9 de novembro de 2018

Uma história de vida, que mete touros

Há duas décadas, estava instalada no país a polémica sobre os touros de morte, por causa da morte do touro pelos barranquenhos durante as festas anuais. Sempre fui contra os touros de morte e, como normalista que sempre fui (agora menos), não percebia porque é que o Estado continuava a tolerar aquela excepção - se, naquela altura, houvesse facebook teria desancado forte nos políticos “fracos” que permitiam aquela violação da lei.
No verão seguinte, resolvi fazer um desvio na viagem da semana de férias no Algarve, e aproveitar para conhecer alguma coisa de Barrancos (daquele povo bruto que matava o touro e desafiava a autoridade do Estado). Almocei em Monsaraz (nas viagens para o Algarve aproveito sempre para desfrutar da cozinha alentejana) e continuei por estadas estreitas e com mau piso até Barrancos. Chegado ao centro da vila, no alto, deparei-me com uma praça pequena, com piso de rocha natural irregular, circundada por casario terreno, de pedra e telhados com telha de canudo, pobre e degradado; uma taberna/café no lado este; velhotes sentados nas lajes em frente às casas, no lado com sombra, agarrados ao seu cajado; e dois ou três garotos a dar pontapés numa pequena bola de plástico. Fui á taberna beber uma bebida fresca; dei uma pequena volta à pequena vila e parei por uns momentos junto ao carro, na praça, antes de retomar a viagem. Lembro-me como se fosse hoje: senti um arrepio que me contraiu a face, desceu e contraiu barriga (uma espécie de murro no estômago), e soou-me este grito na cabeça: fxxx-se, Adelino; estás errado! E este povo está certo! Este povo, que não tem quase nada, tem a dignidade suficiente para não abrir mão da sua cultura, da sua história, das suas tradições, dos seus laços. Percebi naquele momento porque é que aquelas festas se continuavam a realizar daquela forma, com aquele esforço e galhardia, com aquele sentido comunitário, onde o touro é lidado, morto, esfolado, cozinhado e comido pela pobre comunidade.
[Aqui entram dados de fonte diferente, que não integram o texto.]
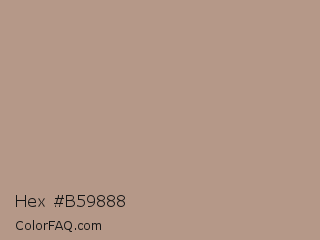 Hex #b59888 Color is a light orange color and the nearest color is Quicksand #bd978e. Hex code #b59888 and RGB value is rgb(181,152,136). In RGB color space, this color is composed of 71% red, 60% green, 53% blue, In CMYK color space, this color is composed of 0% cyan, 16% magenta, 25% yellow , 29% black , In HSL color space, this color has a hue angle of 21° , 23% saturation and 62% lightness.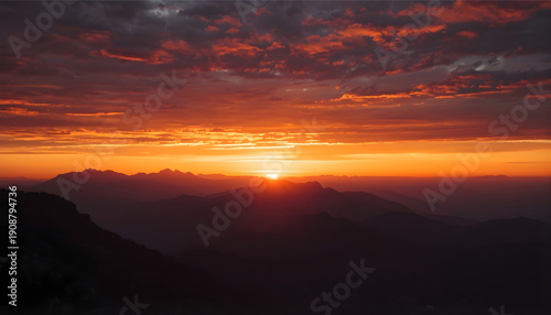 © zukigallery, Obraz premium sunset over majestic mountain range with dramatic golden sky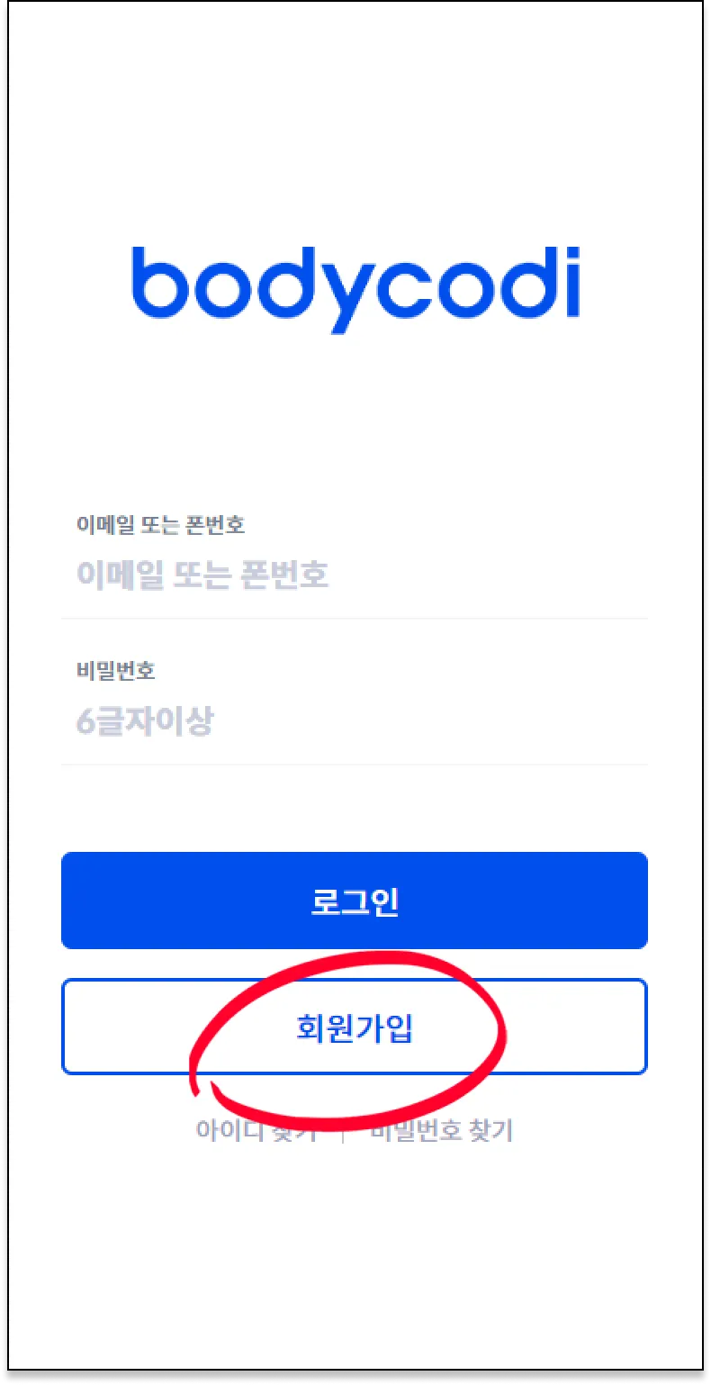 바디코디 회원앱을 이용하기 전, 회원가입을 해야 이용이 가능합니다.
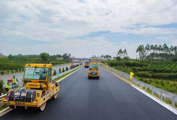 桂柳路面上面层试验段施工中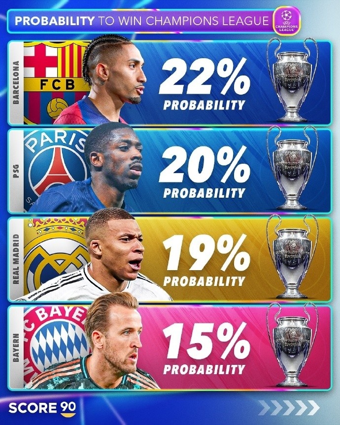 3月13日訊 歐冠1/4決賽賽程出爐后,外媒Score90也公布了各隊(duì)晉級(jí)概率和奪冠概率。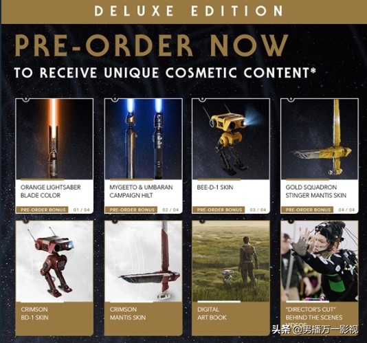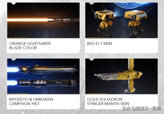 购买标准版可以获得预购奖励橙黄色光剑、BEE-D-1机器人皮肤,麦基托·昂巴拉的光剑、金黄中队飞船皮肤,此外没有其他内容。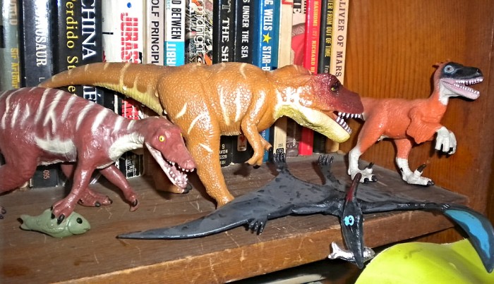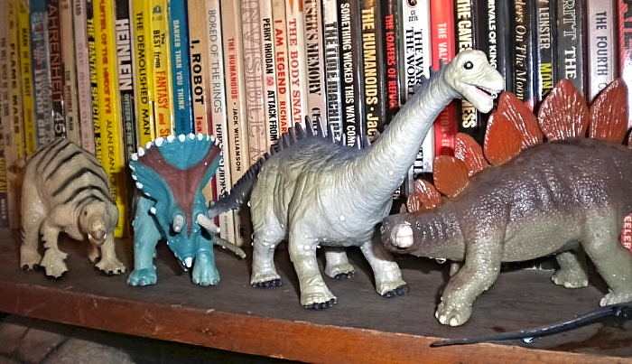 On a bookcase self, prehistoric-animal figures from R&M (2004), manufactured in China.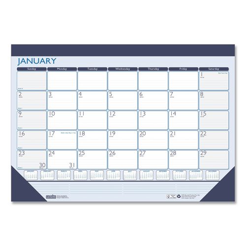 House of Doolittle recycled Contempo monthly desk pad calendar, 12 months January to December has soft colors and graphics that is pleasing to the eye. Full-year reference calendar aids in planning throughout the year. Large ruled daily blocks for ne- January - December featuring 12 months for easy planning.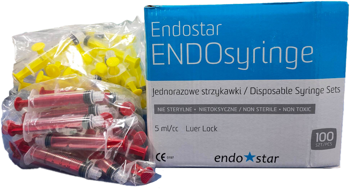 STRZYKAWKA Endostar /z gumowym tłokiem, luer lock/ 5ml. (mix kolorów) 100szt.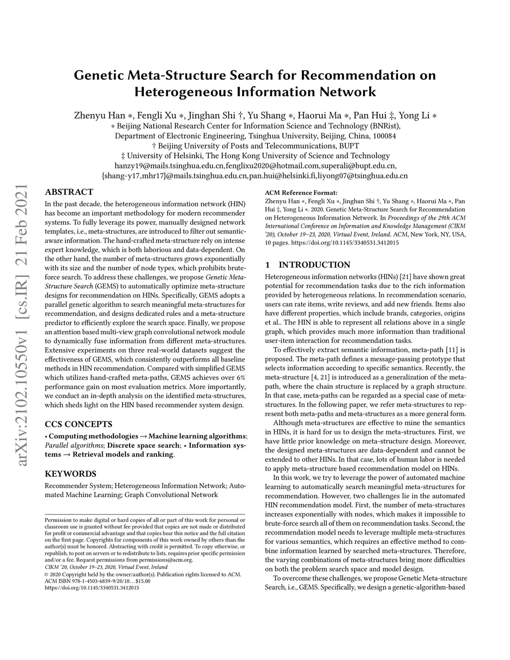 In the past decade, the heterogeneous information network (HIN) has become an important methodology for modern recommender systems. To fully leverage its power, manually designed network templates, i.e., meta-structures, are introduced to filter out semantic-aware information. The hand-crafted meta-structure rely on intense expert knowledge, which is both laborious and data-dependent. On the other hand, the number of meta-structures grows exponentially with its size and the number of node types, which prohibits brute-force search. To address these challenges, we propose Genetic Meta-Structure Search (GEMS) to automatically optimize meta-structure designs for recommendation on HINs. Specifically, GEMS adopts a parallel genetic algorithm to search meaningful meta-structures for recommendation, and designs dedicated rules and a meta-structure predictor to efficiently explore the search space. Finally, we propose an attention based multi-view graph convolutional network module to dynamically fuse information from different meta-structures. Extensive experiments on three real-world datasets suggest the effectiveness of GEMS, which consistently outperforms all baseline methods in HIN recommendation. Compared with simplified GEMS which utilizes hand-crafted meta-paths, GEMS achieves over performance gain on most evaluation metrics. More importantly, we conduct an in-depth analysis on the identified meta-structures, which sheds light on the HIN based recommender system design.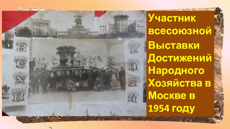Участник всесоюзнойВыставки Достижений Народного Хозяйства в Москве в 1954 году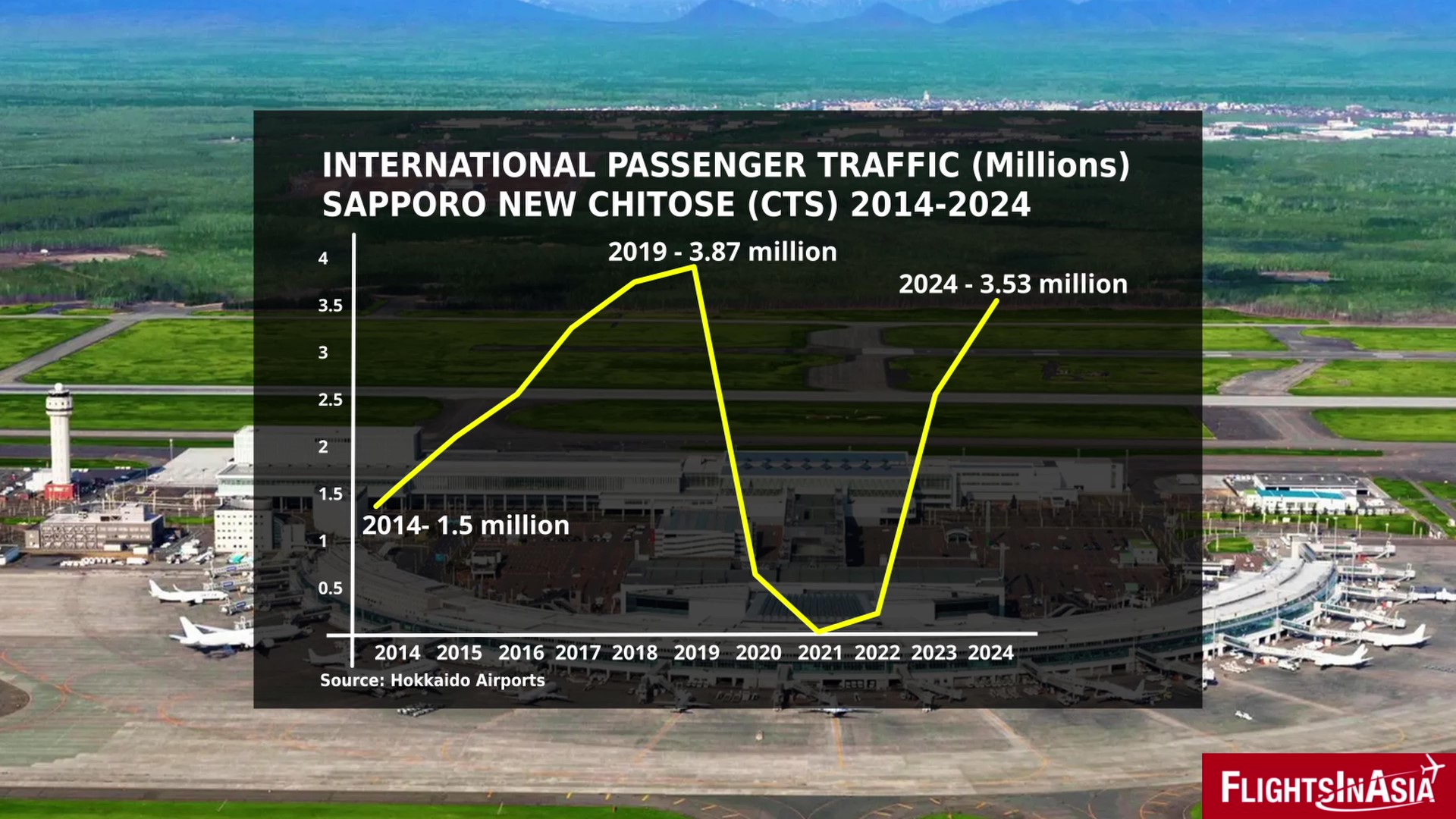 The growth of international flights to/from Sapporo has been a boost to the tourism industry in Hokkaido, as the international passenger traffic to/from New Chitose Airport has more than doubled since 2014. Interest in Sapporo from outside Japan was growing prior to the pandemic, as its international passenger numbers peaked in 2019 with nearly 3.87 million compared to just 1.5 million in 2014. After the pandemic, international passenger traffic already recovered to 3.53 million in 2024 – 90% compared to 2019. It can be expected that international passenger traffic at Sapporo will reach record highs by 2030 if not already.

Aquela gente não celebra a morte, celebra a vida e a alegria (talvez a única do ano); aquela gente não é bruta, é fraterna; aquela gente não é baixa, é Grande.
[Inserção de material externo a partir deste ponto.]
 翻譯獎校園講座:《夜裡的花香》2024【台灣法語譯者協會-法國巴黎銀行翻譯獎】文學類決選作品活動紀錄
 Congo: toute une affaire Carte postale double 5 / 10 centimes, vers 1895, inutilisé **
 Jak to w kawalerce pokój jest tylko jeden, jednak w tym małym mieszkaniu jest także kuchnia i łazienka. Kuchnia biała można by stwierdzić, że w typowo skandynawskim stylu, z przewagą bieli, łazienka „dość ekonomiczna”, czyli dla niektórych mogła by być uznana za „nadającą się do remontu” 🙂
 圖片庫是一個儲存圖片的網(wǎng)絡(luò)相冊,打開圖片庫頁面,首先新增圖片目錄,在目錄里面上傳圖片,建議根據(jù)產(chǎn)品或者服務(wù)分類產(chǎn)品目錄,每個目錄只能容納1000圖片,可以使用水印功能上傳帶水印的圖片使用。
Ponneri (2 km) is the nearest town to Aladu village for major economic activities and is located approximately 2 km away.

Parti, voltei atrás - porque junto à fronteira não existia estrada que ligasse ao Algarve -, atravessei a fronteira, andei muito até Huelva, entrei ao fim da tarde pela fronteira de Vila Real de Santo António com a garota pequena chateada porque tinha perdido uma das poucos tardes de praia que tinha para gozar. Mas eu recebi uma grande lição de vida.